**WORK ORDER**: Repeat exactly the lines of the material below that run from the "public subnet을 사용하여" line to the "曹卫兵(左)率队到湖南浩茗茶业调研" line, including both, and do not carry over any pictures.

**DATA RECORDS**:
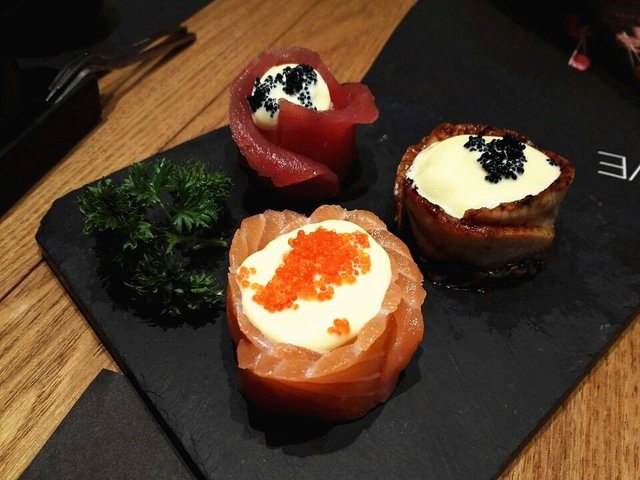 黑玫瑰、火玫瑰、红玫瑰。造型有些美感不足。三种小盆友最爱吞拿鱼的,没有筋,一啖入口,鲜~
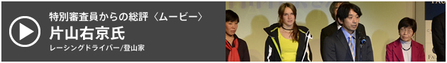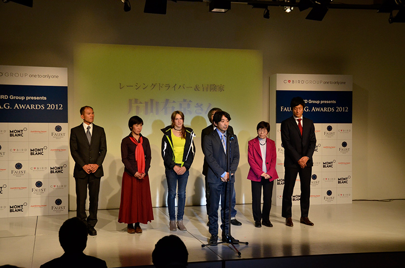 最後に、ファウストA.G.アワード2012の特別審査員であり、受賞者へのプレゼンターも務めていただいた片山右京氏が登壇。「これだけ時代が加速して過ぎていくなかで、冒険の求められるハードルは高くなっている。クリエイティビティが求められたり、世の中の常識と戦ったりしなければならない。彼らがトライする冒険によって勇気をもらえていることに、お礼を言いたい」と総評を述べ、各受賞者への謝意という形で彼らの活動をあらためて称えた。
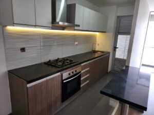 🍳 Cocina cerrada equipada con muebles altos, bajos, tablero de cuarzo, cocina encimera y luces led
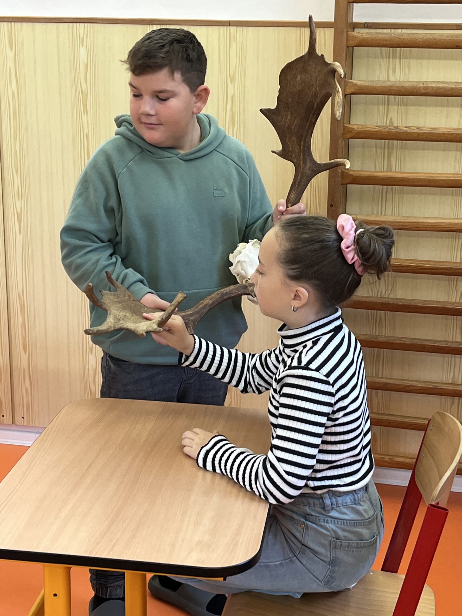 Dozvěděli jsme se, jaké pomůcky myslivec potřebuje – od dalekohledu, oděvu v přírodních barvách, až po loveckou zbraň. David také zmínil, že lov má svá přesná pravidla – každé zvíře se smí lovit jen v určitém období roku, aby byla zachována rovnováha v přírodě.
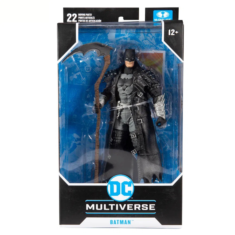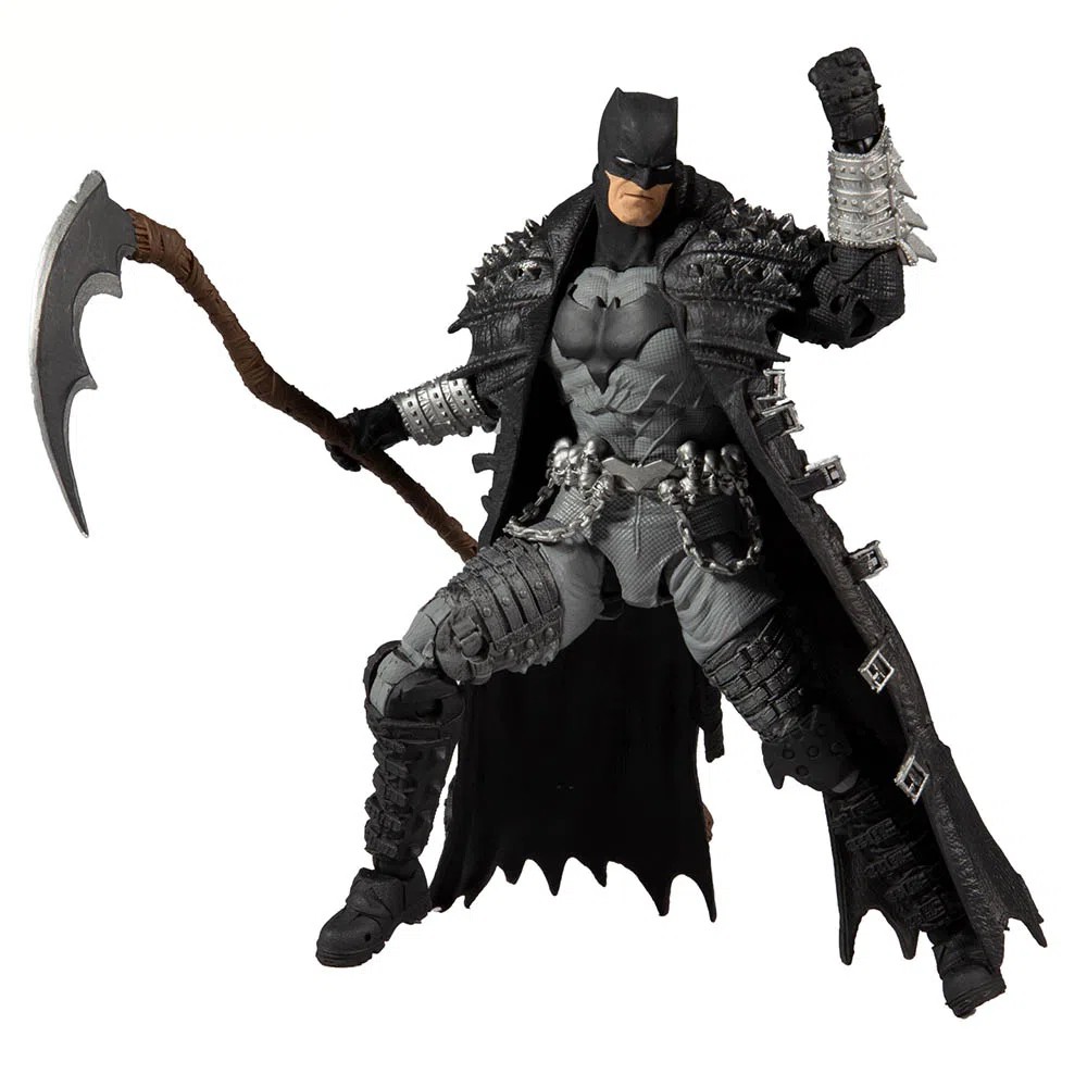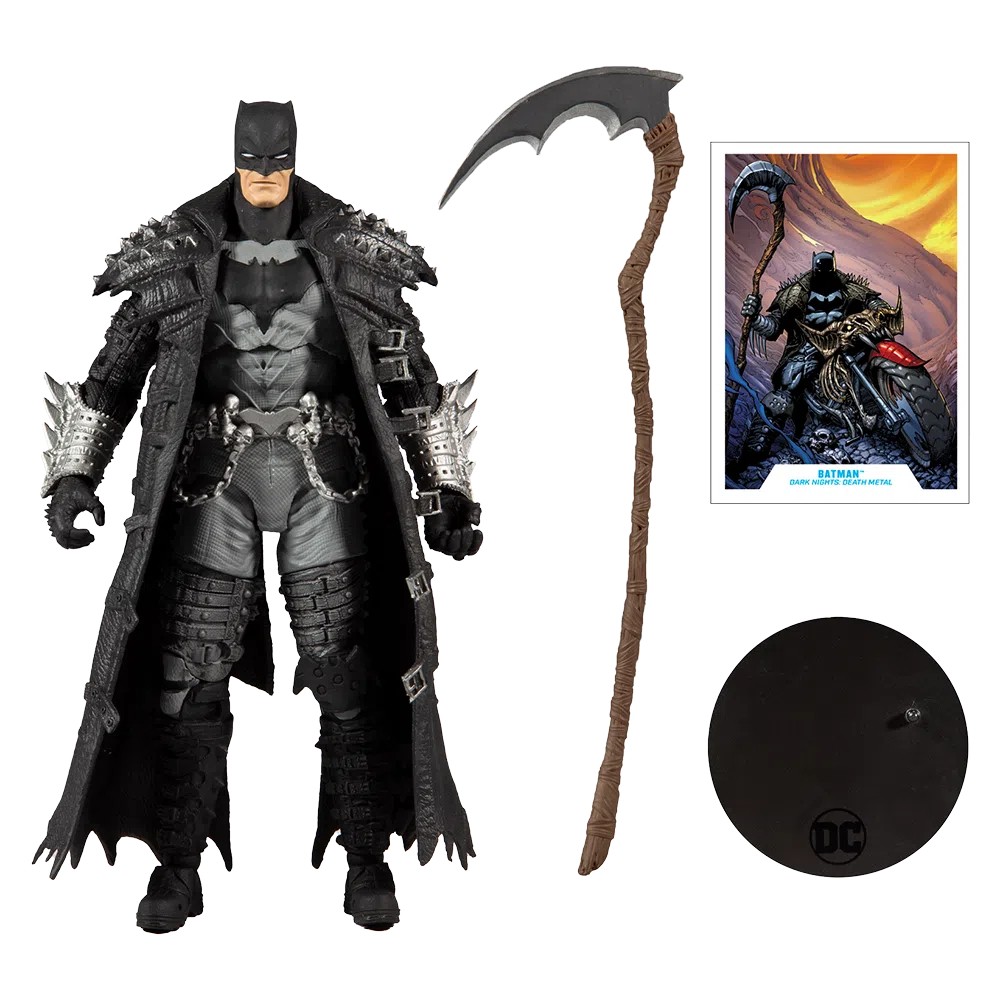 Aceasta figurina articulata Batman este inspirata de editia de benzi desenate Dark Nights: Death Metal #1, din anul 2020. Aceasta figurina vine insotita de o arma si o baza suport. Include un cartonas de colectie cu o biografie a lui Batman pe spate. Mas
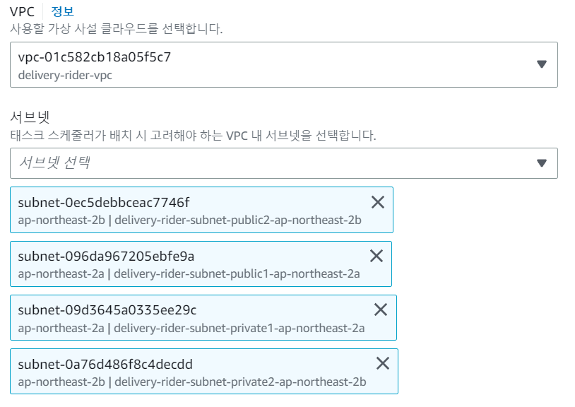 public subnet을 사용하여 ECS를 생성한다. (private subnet이 함께 포함되어도 상관없다.)
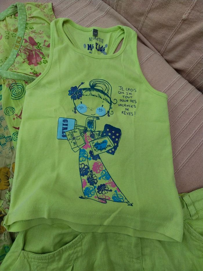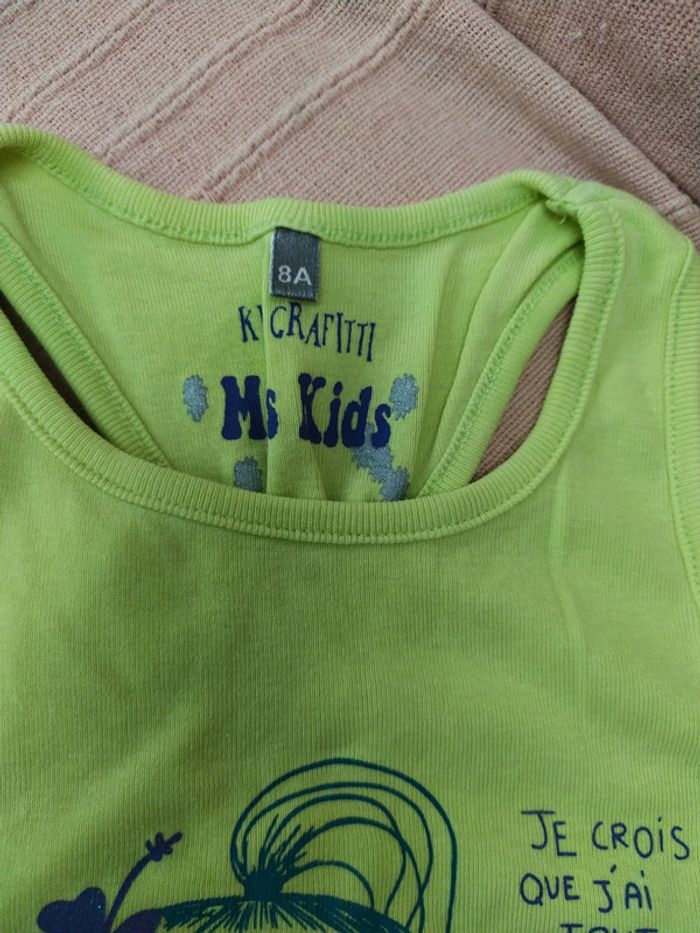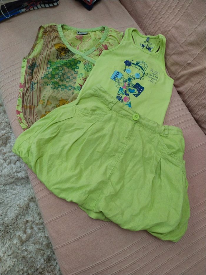 Une jupe boule Okaïdi, un débardeur kids graffiti, une blouse légère IKKS La jupe comporte une minuscule tâche, voir photo Les hauts sont en parfait état
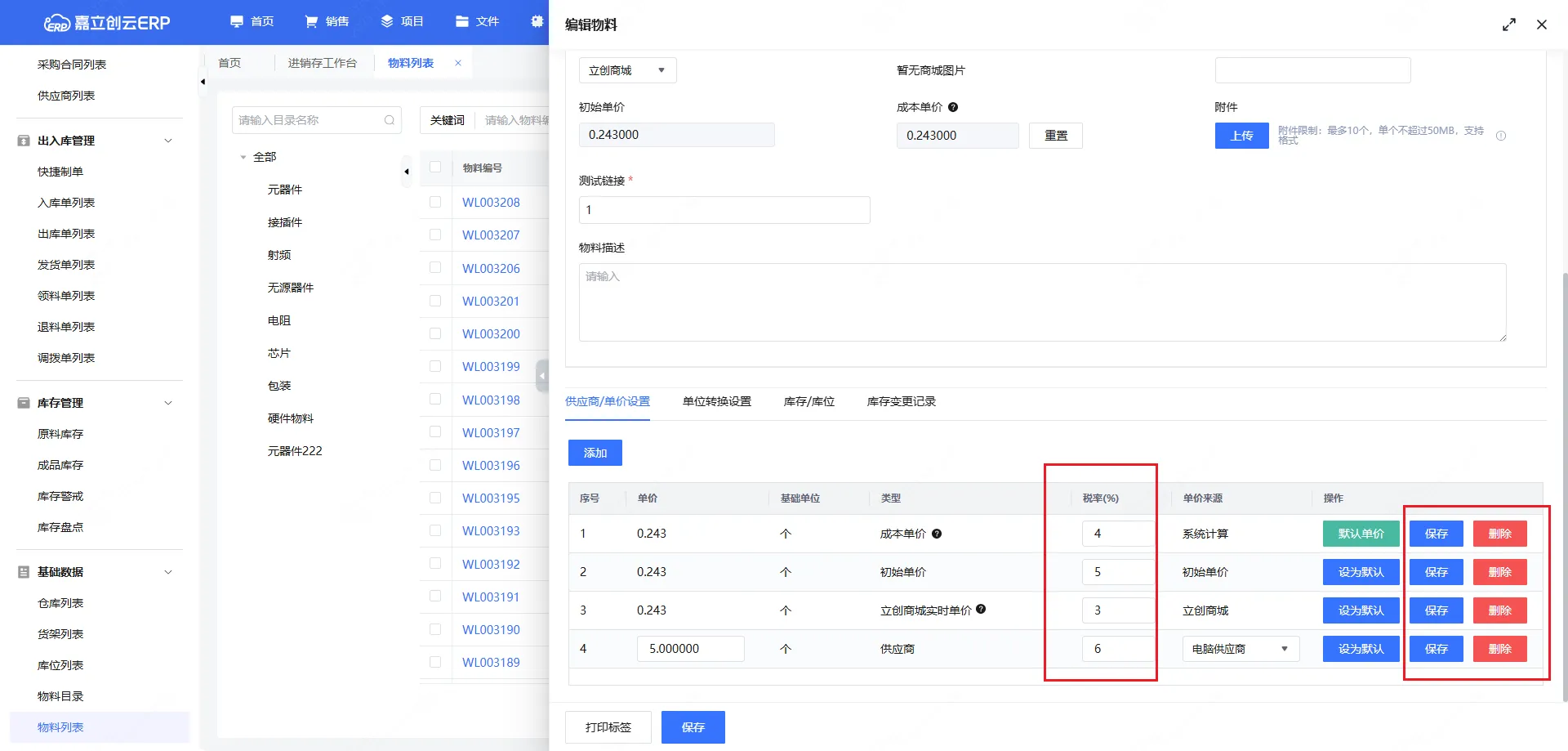 2,物料列表,新增/编辑支持设置增加税率、税金
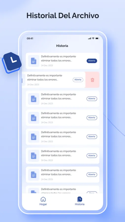 Nuestra aplicación también viene con una opción de "Historial" que puede usar para acceder a documentos antiguos. Esta opción guarda los documentos que consulta con la aplicación. Más tarde puede abrirlos y descargarlos en su dispositivo, o copiar el texto directamente en su portapapeles.
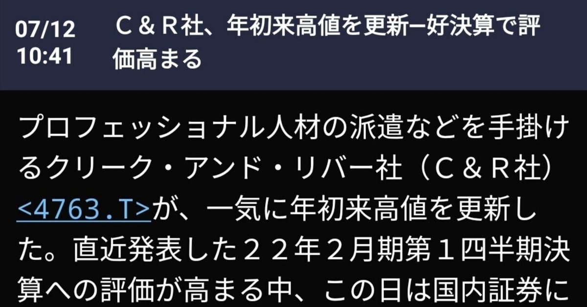 ◯【ブログ紹介株】クリーク&リバーが50%大幅上昇!【株式投資】
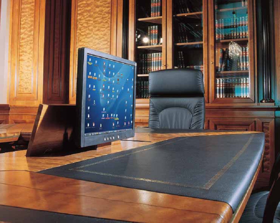 Table Kingdom from the Italian manufacturer Elledue. Colors, painting, plating and sizes are back in stock. This model is made of solid wood cherry and wild rose, varnished. D?cor is uncluttered thread, and leather covering to the tops. A great choice for the office in classic style.
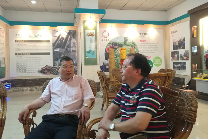 曹卫兵(左)率队到湖南浩茗茶业调研
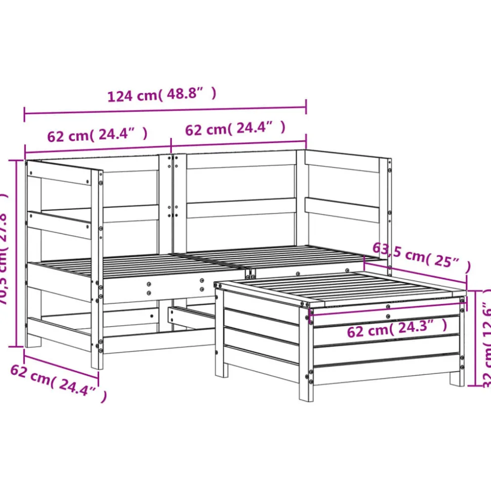 Cet ensemble de salon de jardin en bois avec un design à lattes sera un excellent complément à votre jardin, patio ou terrasse pour profiter d’un moment agréable avec votre famille ou vos amis. Matériau robuste et durable : le bois de pin massif est connu pour sa résistance et sa durabilité. Ses grains droits et ses n艙uds distinctifs contribuent à son charme rustique. Il a été imprégné avec une solution de conservation et a subi un traitement en autoclave, ce qui renforce sa résistance à la pourriture et aux intempéries. Bien ventilé et prévention de l’accumulation d’eau : la conception à lattes favorise une circulation optimale de l’air et empêche efficacement l’accumulation d’eau, assurant ainsi une assise sèche et confortable. Utilisation polyvalente : le repose-pied de jardin peut non seulement être utilisé pour s’asseoir ou se détendre, mais il peut également être utilisé comme table basse pour contenir vos boissons, votre nourriture et d’autres décorations. Conception modulaire : cet ensemble de meubles d’extérieur a une conception modulaire, ce qui le rend complètement flexible et facile à déplacer, afin que vous puissiez créer un agencement de meubles d’extérieur personnalisé. Bon à savoir :Pour que vos meubles d’extérieur restent beaux, nous vous recommandons de les protéger avec une housse imperméable.

**TASK ANSWER**:
 public subnet을 사용하여 ECS를 생성한다. (private subnet이 함께 포함되어도 상관없다.)
 Une jupe boule Okaïdi, un débardeur kids graffiti, une blouse légère IKKS La jupe comporte une minuscule tâche, voir photo Les hauts sont en parfait état
 2,物料列表,新增/编辑支持设置增加税率、税金
 Nuestra aplicación también viene con una opción de "Historial" que puede usar para acceder a documentos antiguos. Esta opción guarda los documentos que consulta con la aplicación. Más tarde puede abrirlos y descargarlos en su dispositivo, o copiar el texto directamente en su portapapeles.
 ◯【ブログ紹介株】クリーク&リバーが50%大幅上昇!【株式投資】
 Table Kingdom from the Italian manufacturer Elledue. Colors, painting, plating and sizes are back in stock. This model is made of solid wood cherry and wild rose, varnished. D?cor is uncluttered thread, and leather covering to the tops. A great choice for the office in classic style.
 曹卫兵(左)率队到湖南浩茗茶业调研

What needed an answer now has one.